WHAT TO PRODUCE:
Lines from the one containing "Der schön angelegte" through the end of the listing are what is wanted, given again exactly with both ends included and pictures left out.

DATASET CONTENT:

Segment Open

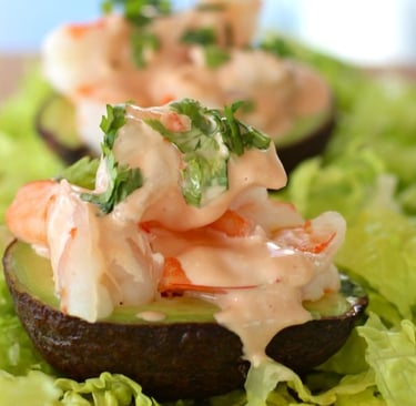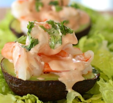 Aguacate relleno de camarones, aderezado con una suave salsa de limón.
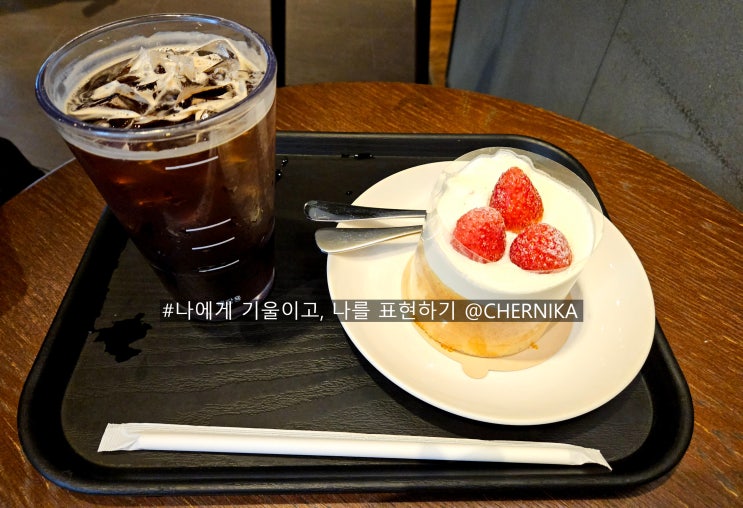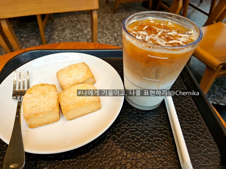 투썸에서 가진 잠깐의 휴식 시간. 아이스 카페라떼랑 레드벨벳 케이크 주문. 투썸 카페라떼는 고소하면서 ...
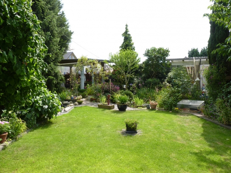 Der schön angelegte Garten in sonniger Süd/Ost-Lage Richtung bietet Ihnen erholsame Stunden im Grünen, auf der Terrasse oder am Pool.
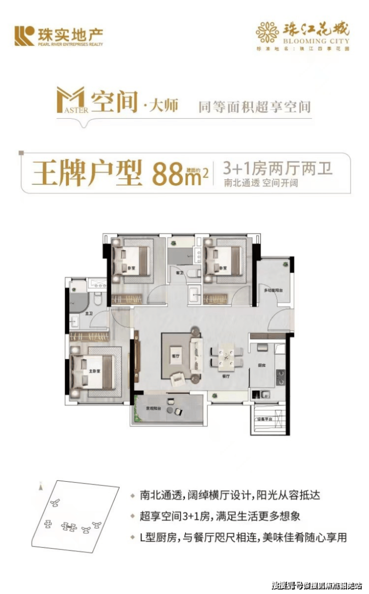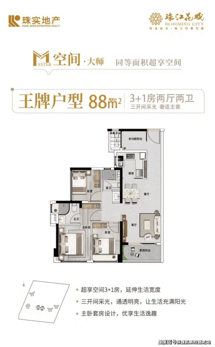 户型创新:同等面积多一房(如88㎡做3+1房),阳台宽度最高达7.2米!

Segment Closed

SOLUTION BELOW:
 Der schön angelegte Garten in sonniger Süd/Ost-Lage Richtung bietet Ihnen erholsame Stunden im Grünen, auf der Terrasse oder am Pool.
 户型创新:同等面积多一房(如88㎡做3+1房),阳台宽度最高达7.2米!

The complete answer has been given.